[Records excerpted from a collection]

++++++++

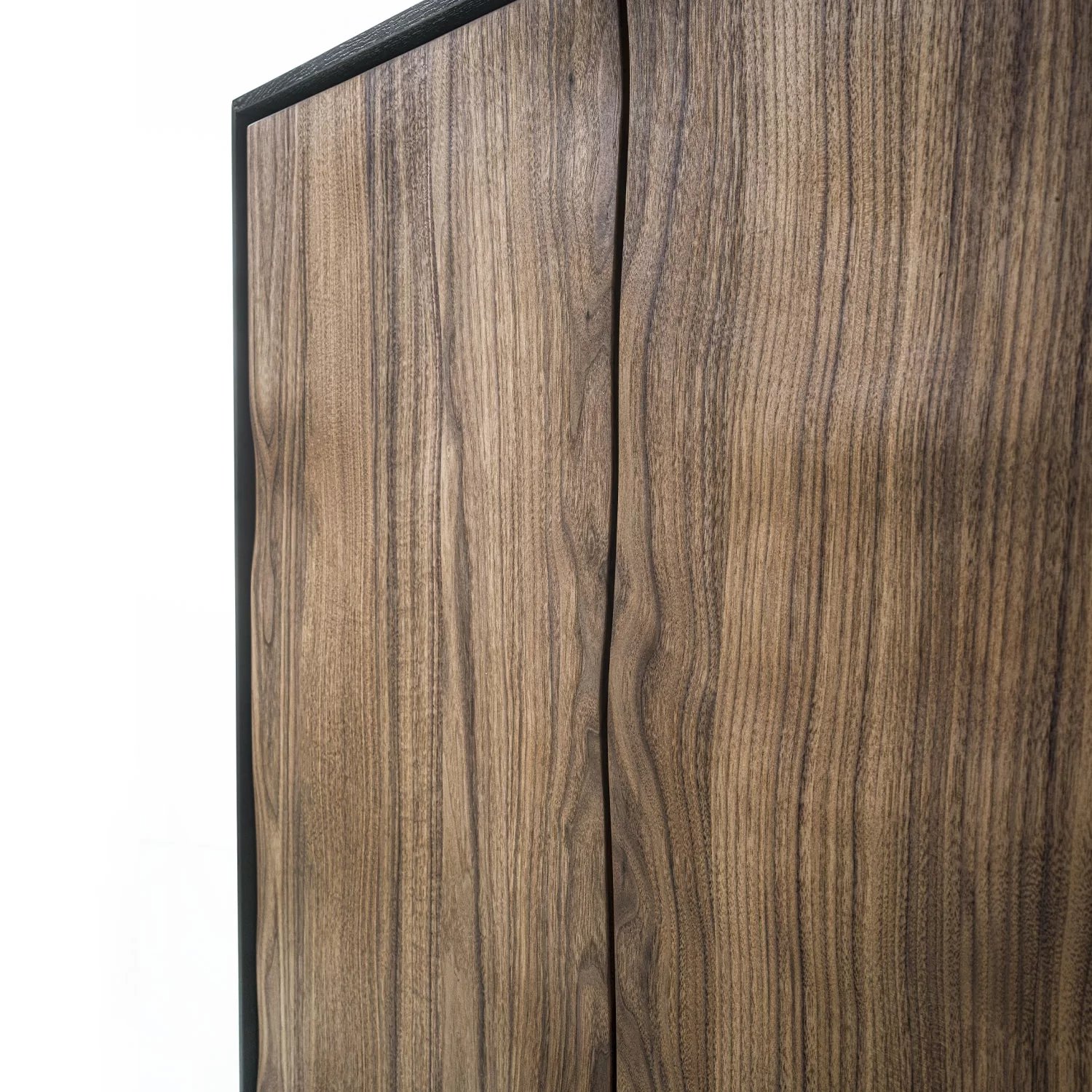 Credenza alta in legno massello e listellare, racchiusa da cornice in legno. All’interno ripiani e cassetti assemblati con tradizionali incastri a coda di rondine e maniglia fresata passante. La particolare lavorazione sulle ante crea un effetto scultoreo attraverso l’estroflessione del legno, donandole un movimento sinuoso.
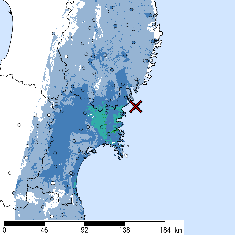 解析開始時点(2025/12/16 11:49:29)で収集されている防災科研K-NET, KiK-net, 気象庁, 地方公共団体震度計の計測震度データを利用。 (*)気象庁発表の情報と一致しない場合がある。 一部正式な震度観測点ではない観測点を含む。暫定的な震度値を含む。丸印は観測、塗りつぶしは推定データ。×印は震央位置。 他の図表も同様。
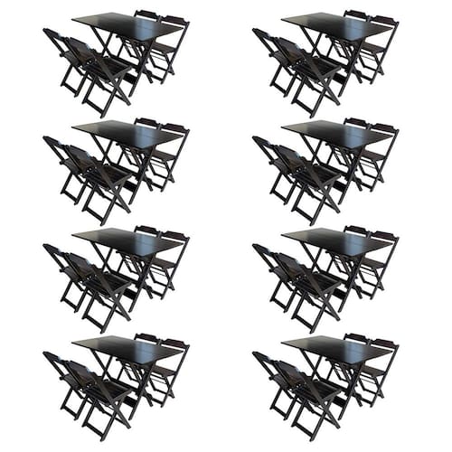 Kit 8 Jogos De Mesa Com 4 Cadeiras De Madeira Dobravel 120x70 Ideal Para Bar E Restaurante - Tabaco
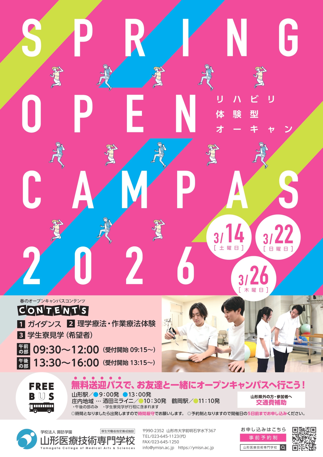| バス送迎 | 山形駅 9:00発 13:00発(山形駅西口前) 酒田駅 10:30発(月のホテル正面口) 鶴岡駅 11:10発(鶴岡駅正面バス専用駐車場) 寒河江SA 12:25〜12:55 学校着 13:15 時間となりましたら出発しますので時間厳守でお願いします。 予約制となりますので開催日の5日前までお申込みください。 庄内方面送迎バスには学生寮の見学が行程に含まれます。 |
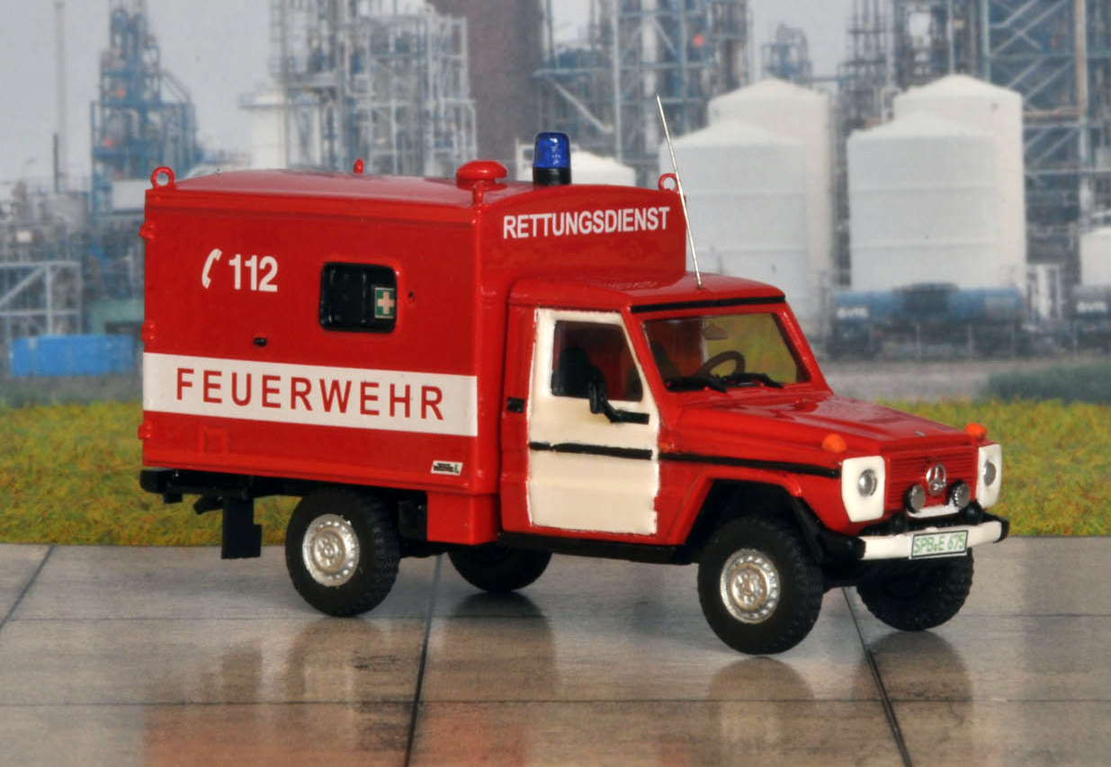 Neben den anderen G’s habe ich die Serie der Koffer-G’s komplett gemacht und noch den alten RTW der WF Laubag Schwarze Pumpe(heute LEAG) gebaut. Auch dieser basiert auf einem Herpa-VLF mit selbst gebauten Koffer. Die Fenster stammen von irgendeinem einem alten Rettungsdienst-Fahrzeug und fanden sich in der berühmten Bastelkiste.
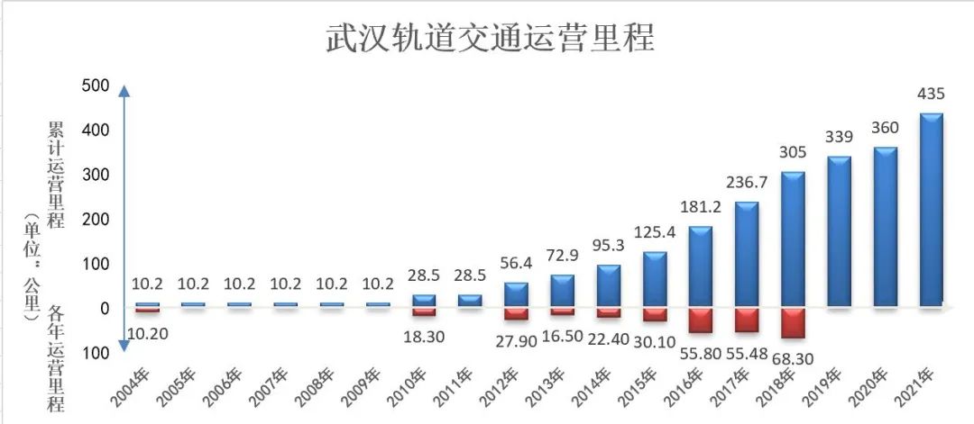 武汉地铁运营里程表。
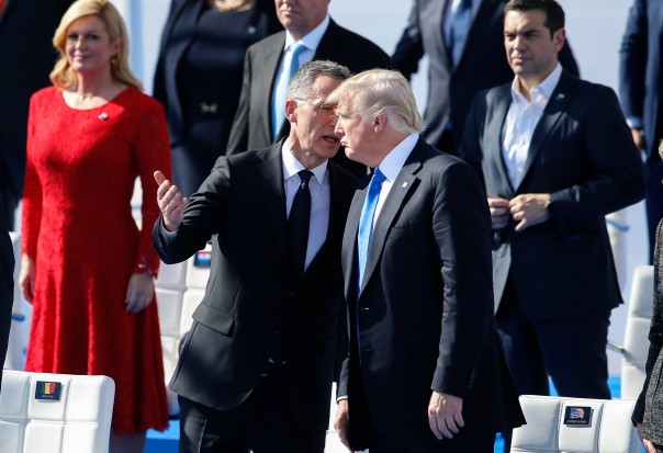 Генсек НАТО Йенс Столтенберг и президент США Дональд Трамп (слева направо на первом плане) на церемонии открытия саммита НАТО в Брюсселе, 25 мая 2017
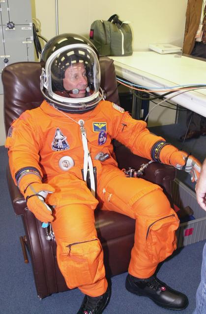 KENNEDY SPACE CENTER, FLA. - STS-111 Commander Kenneth Cockrell suits up for the scheduled liftoff of Space Shuttle Endeavour at 7:44 p.m. EDT. This is Cockrell's fifth Shuttle flight. STS-111 is the second Utilization Flight to the International Space Station, carrying the Multi-Purpose Logistics Module Leonardo, the Mobile Base System (MBS), and a replacement wrist/roll joint for the Canadarm 2. The MBS will be installed on the Mobile Transporter to complete the Canadian Mobile Servicing System, or MSS. In addition, Expedition 5 is traveling on mission STS-111 to the International Space Station to replace the current resident crew, Expedition 4, who will return to Earth with the STS-111 crew
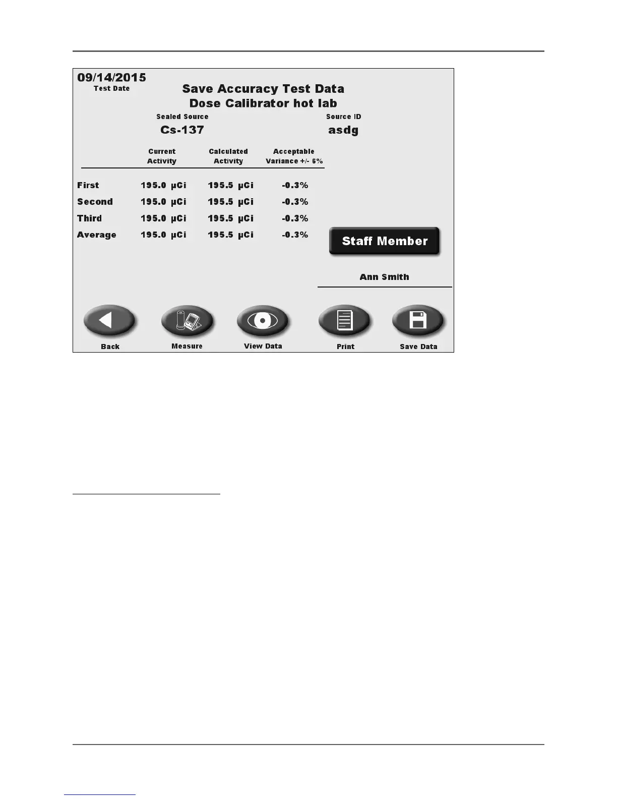 Figure 6.11. The Save Accuracy Test data screen.
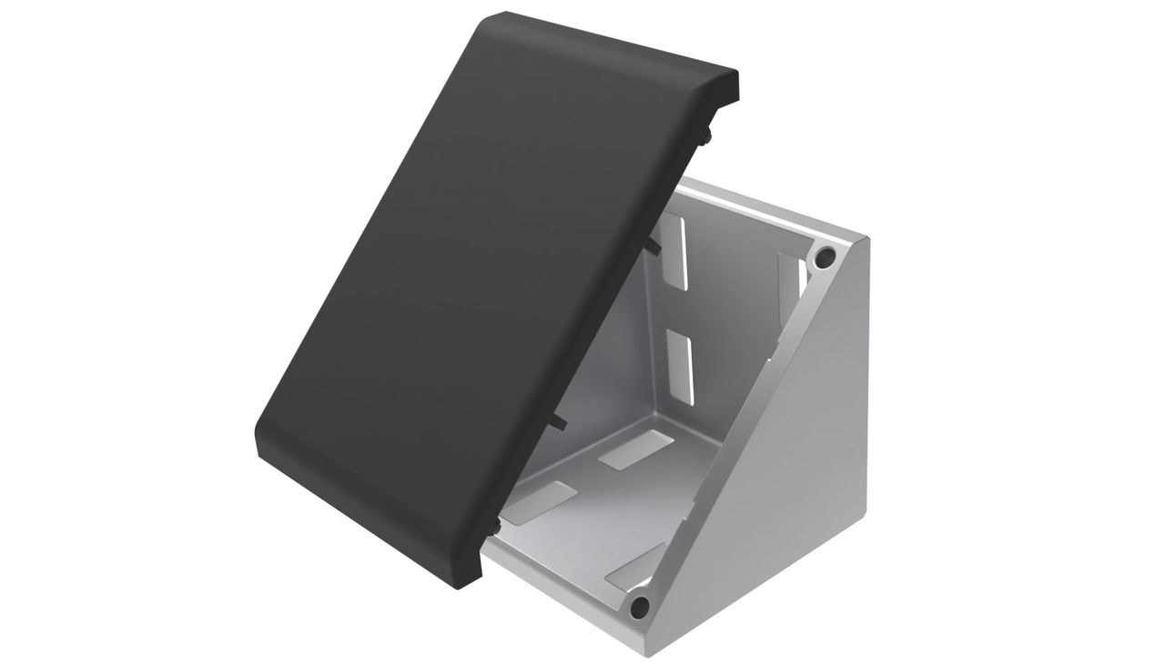 | Material: | Winkel: Aluminiumdruckguss, Abdeckkappe: Kunststoff PA, glasfaserverstärkt, Nutfixierung: Kunststoff |
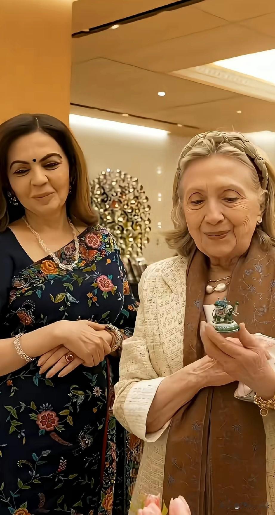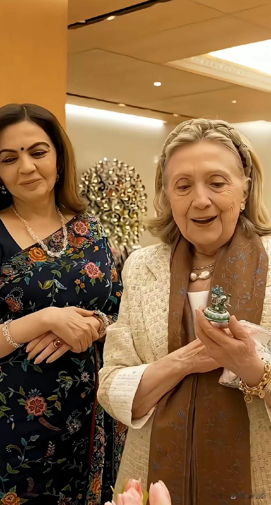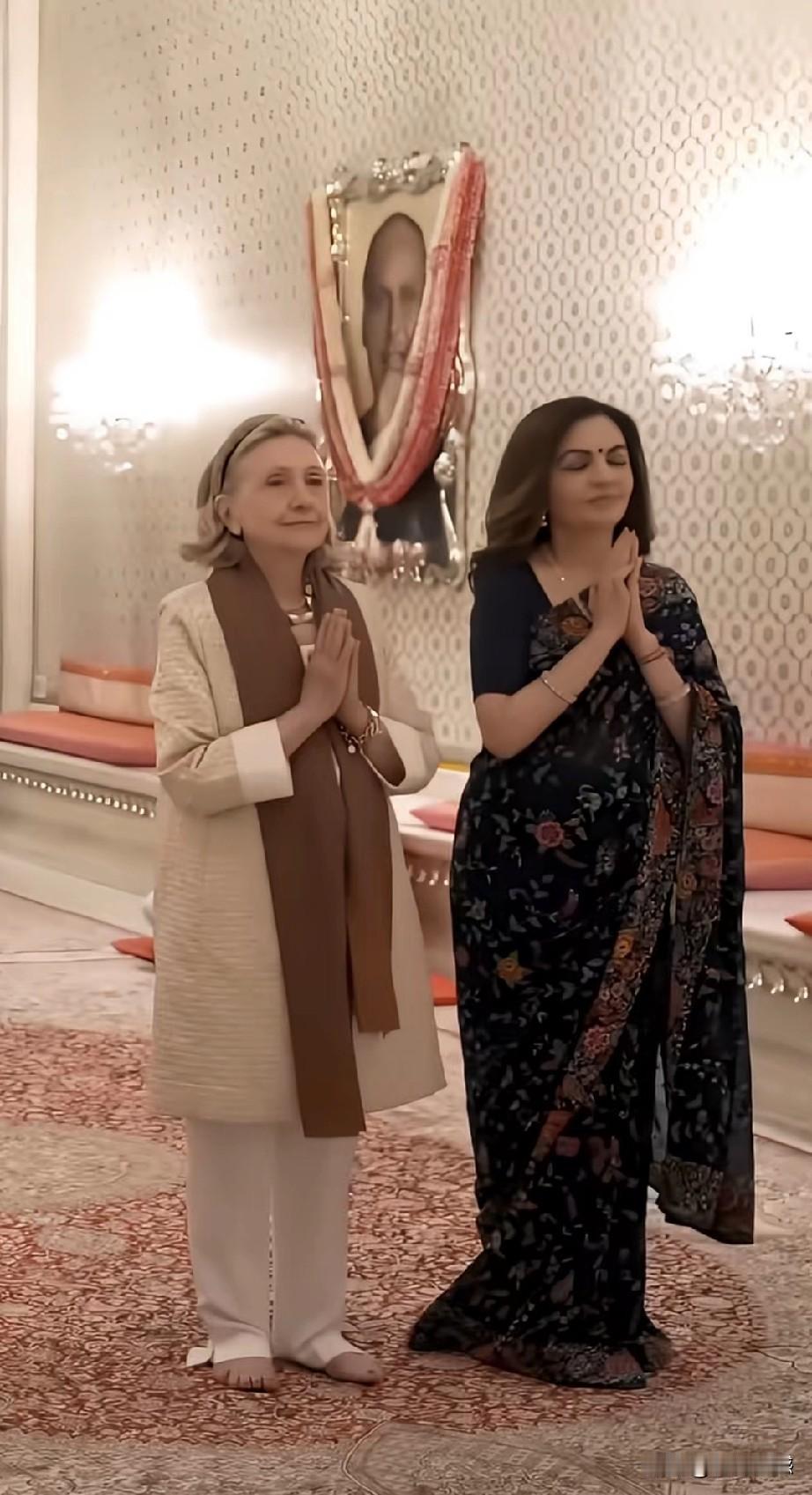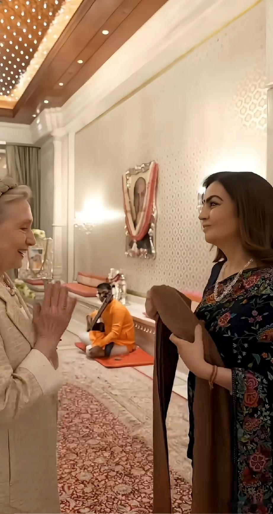 希拉里和印度首富妻子在一起,感觉他们的关系非同一般,两个人见面之后亲切的拥抱,首富的夫人又为希拉里献上了一条围脖,在这里也发现一个非常细节的问题,希拉里和首富夫人在一起的时候,尤其是她们站在地毯上的时候,希拉里好像没有穿鞋!
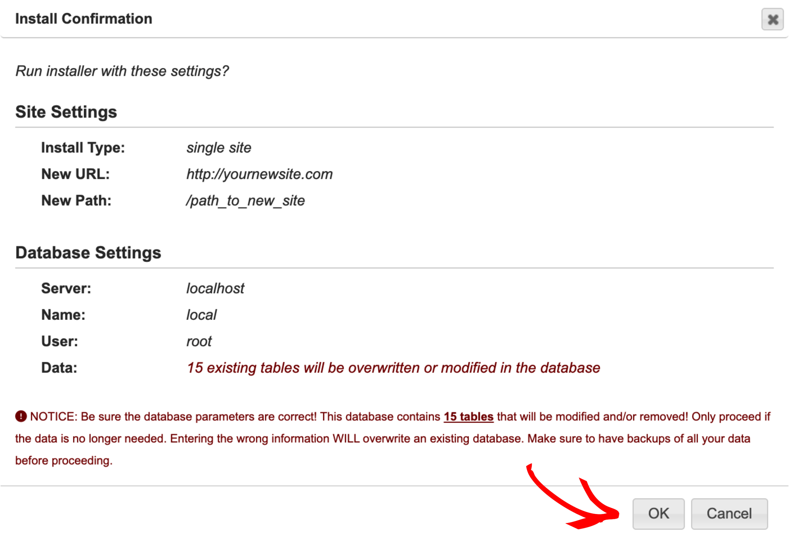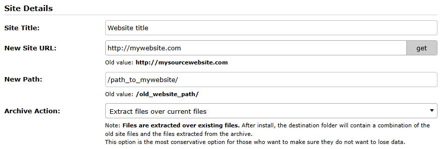 Important Notice (Overwrite Install): Overwriting a website with a backup will clear all existing site data. This process cannot be undone! Please create a backup of the website before performing an overwrite installation.
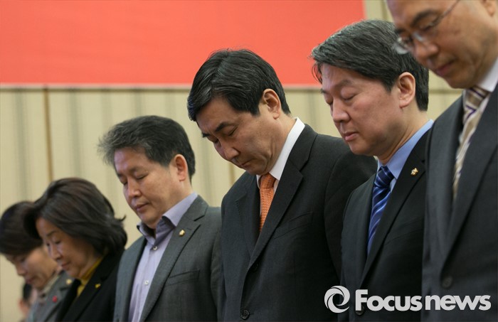 (서울=포커스뉴스) 국민의당(가칭) 안철수 의원(오른쪽 두번째)과 더불어민주당 이종걸 원내대표가 19일 오후 서울 중구 은행회관 국제회의실에서 열리는 금융노조 제51차 정기전국대의원대회에 참석해 묵념을 하고 있다.
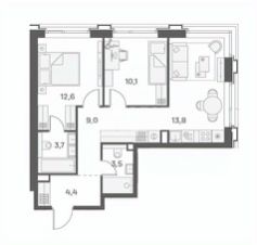 Просторная кухня-гостинная 13,8 кв м
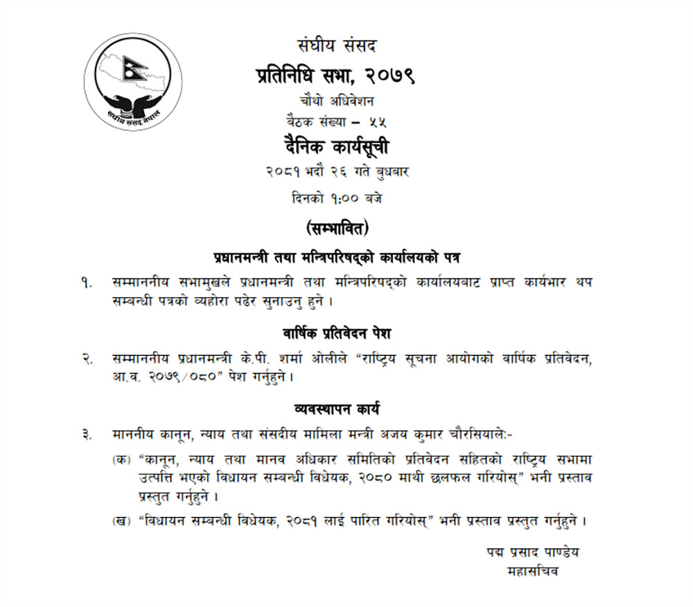 आजको बैठकमा प्रधानमन्त्री तथा मन्त्रिपरिषद्को कार्यालयको पत्र पढेर सुनाउने, बार्षिक प्रतिवेदन पेश गर्ने र व्यवस्थापन कार्य गर्ने कार्यसूची रहेको छ ।
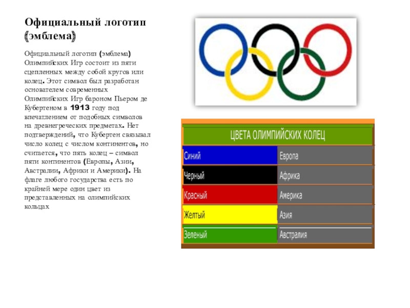 сцепленных между собой кругов или колец. Этот символ был разработан основателем современных Олимпийских Игр бароном Пьером де Кубертеном в 1913 году под впечатлением от подобных символов на древнегреческих предметах. Нет подтверждений, что Кубертен связывал число колец с числом континентов, но считается, что пять колец – символ пяти континентов (Европы, Азии, Австралии, Африки и Америки). На флаге любого государства есть по крайней мере один цвет из представленных на олимпийских кольцах

++++++++

**WHAT THIS TASK INVOLVES**
Nothing but the lines from the one with "Figure 6.11. The" through the last line of the records should appear in your answer, each exactly as written and without pictures.

**COMPLETED TASK**
 Figure 6.11. The Save Accuracy Test data screen.
 | Material: | Winkel: Aluminiumdruckguss, Abdeckkappe: Kunststoff PA, glasfaserverstärkt, Nutfixierung: Kunststoff |
 希拉里和印度首富妻子在一起,感觉他们的关系非同一般,两个人见面之后亲切的拥抱,首富的夫人又为希拉里献上了一条围脖,在这里也发现一个非常细节的问题,希拉里和首富夫人在一起的时候,尤其是她们站在地毯上的时候,希拉里好像没有穿鞋!
 Important Notice (Overwrite Install): Overwriting a website with a backup will clear all existing site data. This process cannot be undone! Please create a backup of the website before performing an overwrite installation.
 (서울=포커스뉴스) 국민의당(가칭) 안철수 의원(오른쪽 두번째)과 더불어민주당 이종걸 원내대표가 19일 오후 서울 중구 은행회관 국제회의실에서 열리는 금융노조 제51차 정기전국대의원대회에 참석해 묵념을 하고 있다.
 Просторная кухня-гостинная 13,8 кв м
 आजको बैठकमा प्रधानमन्त्री तथा मन्त्रिपरिषद्को कार्यालयको पत्र पढेर सुनाउने, बार्षिक प्रतिवेदन पेश गर्ने र व्यवस्थापन कार्य गर्ने कार्यसूची रहेको छ ।
 сцепленных между собой кругов или колец. Этот символ был разработан основателем современных Олимпийских Игр бароном Пьером де Кубертеном в 1913 году под впечатлением от подобных символов на древнегреческих предметах. Нет подтверждений, что Кубертен связывал число колец с числом континентов, но считается, что пять колец – символ пяти континентов (Европы, Азии, Австралии, Африки и Америки). На флаге любого государства есть по крайней мере один цвет из представленных на олимпийских кольцах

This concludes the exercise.